Department of Anesthesiology and Pain Medicine, Samsung Medical Center, Sung Kyunkwan University School of Medicine, Seoul, Korea.
Department of Thoracic and Cardiovascular Surgery, Samsung Medical Center, Sungkyunkwan University School of Medicine, Seoul, Korea.
PLoS One. 2019 Dec 18;14(12):e0225720. doi: 10.1371/journal.pone.0225720. eCollection 2019.
Serum phosphorus is a well-known marker of vascular calcification, but the effects of serum phosphorus abnormalities defined by clinical criteria on the outcomes of coronary artery bypass grafting (CABG) remain unclear. We aimed to evaluate whether preoperative serum phosphorus abnormalities defined based on clinical criteria are associated with outcomes of CABG using a relatively new statistical technique, inverse probability weighting (IPW) adjustment.
From January 2001 to December 2014, 4,989 consecutive patients who underwent CABG were stratified into normal (2.5-4.5 mg/dl; n = 4,544), hypophosphatemia (<2.5 mg/dl; n = 238), or hyperphophatemia (>4.5 mg/dl; n = 207) groups depending on preoperative serum phosphorus level.

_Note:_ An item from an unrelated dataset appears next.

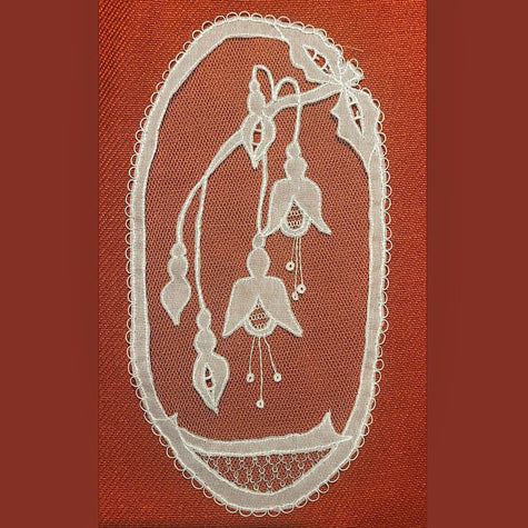 Course Description: Theresa has created an original Carrickmacross Lace fuchsia design, a popular motif in Irish laces, for this workshop. It is designed for beginners but also will appeal to the intermediate lace maker. Theresa will lead you through the traditional technique of appliqué, guipure, loops and pops.
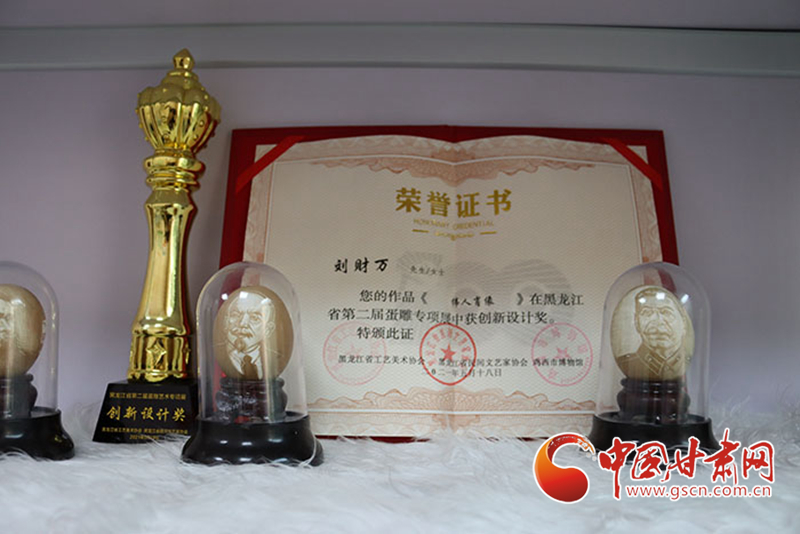 記者在采訪中注意到,社區(qū)的展柜一角擺放著不少獲獎(jiǎng)證書,其中一張是在2021年的全國蛋雕專項(xiàng)展上,為劉財(cái)萬作品《偉人肖像》頒發(fā)的創(chuàng)新設(shè)計(jì)獎(jiǎng)證書。“目前正在為全國蛋雕藝術(shù)聯(lián)展作準(zhǔn)備”,當(dāng)記者問起下一步打算時(shí),劉財(cái)萬顯得信心十足。

The primary outcome was all-cause death during a median follow-up of 48 months. Secondary outcomes were cardiovascular death, graft failure, myocardial infarction, repeat revascularization, and stroke. In multivariate Cox analysis, preoperative hypophosphatemia was significantly associated with all-cause death (hazard ratio [HR] 1.76; 95% confidence interval [CI] 1.13-2.76; P = 0.01). However, this association varied depending on chronic kidney disease and emergent operation (p for interaction = 0.05 and 0.03, respectively). In addition, analysis after IPW adjustment demonstrated that preoperative serum phosphorus abnormalities were not significantly associated with all-cause death (P = 0.08) or any secondary outcomes except graft failure. Graft failure was significantly associated with preoperative hypophosphatemia (HR 2.51; 95% CI 1.37-4.61; P = 0.003).
Our study showed that preoperative serum phosphorus abnormalities in clinical criteria were not associated with outcomes after CABG except for graft failure. And, the association of hypophosphatemia with graft failure remains to be evaluated.
血清磷是血管钙化的一个众所周知的标志物,但临床标准定义的血清磷异常对冠状动脉旁路移植术(CABG)结局的影响尚不清楚。我们旨在使用一种相对较新的统计技术,即逆概率加权(IPW)调整,评估基于临床标准定义的术前血清磷异常是否与 CABG 的结果相关。
从 2001 年 1 月至 2014 年 12 月,根据术前血清磷水平,将 4989 例连续接受 CABG 的患者分为正常(2.5-4.5mg/dl;n=4544)、低磷血症(<2.5mg/dl;n=238)或高磷血症(>4.5mg/dl;n=207)组。
主要结局是中位随访 48 个月期间的全因死亡。次要结局是心血管死亡、移植物失败、心肌梗死、再次血运重建和卒中。在多变量 Cox 分析中,术前低磷血症与全因死亡显著相关(危险比[HR]1.76;95%置信区间[CI]1.13-2.76;P=0.01)。然而,这种关联取决于慢性肾脏病和急诊手术(交互 P 值分别为 0.05 和 0.03)。此外,在 IPW 调整后分析表明,术前血清磷异常与全因死亡(P=0.08)或除移植物失败以外的任何次要结局均无显著相关性。移植物失败与术前低磷血症显著相关(HR 2.51;95%CI 1.37-4.61;P=0.003)。
我们的研究表明,临床标准中的术前血清磷异常与 CABG 后的结局无关,除移植物失败外。而且,低磷血症与移植物失败的相关性仍有待评估。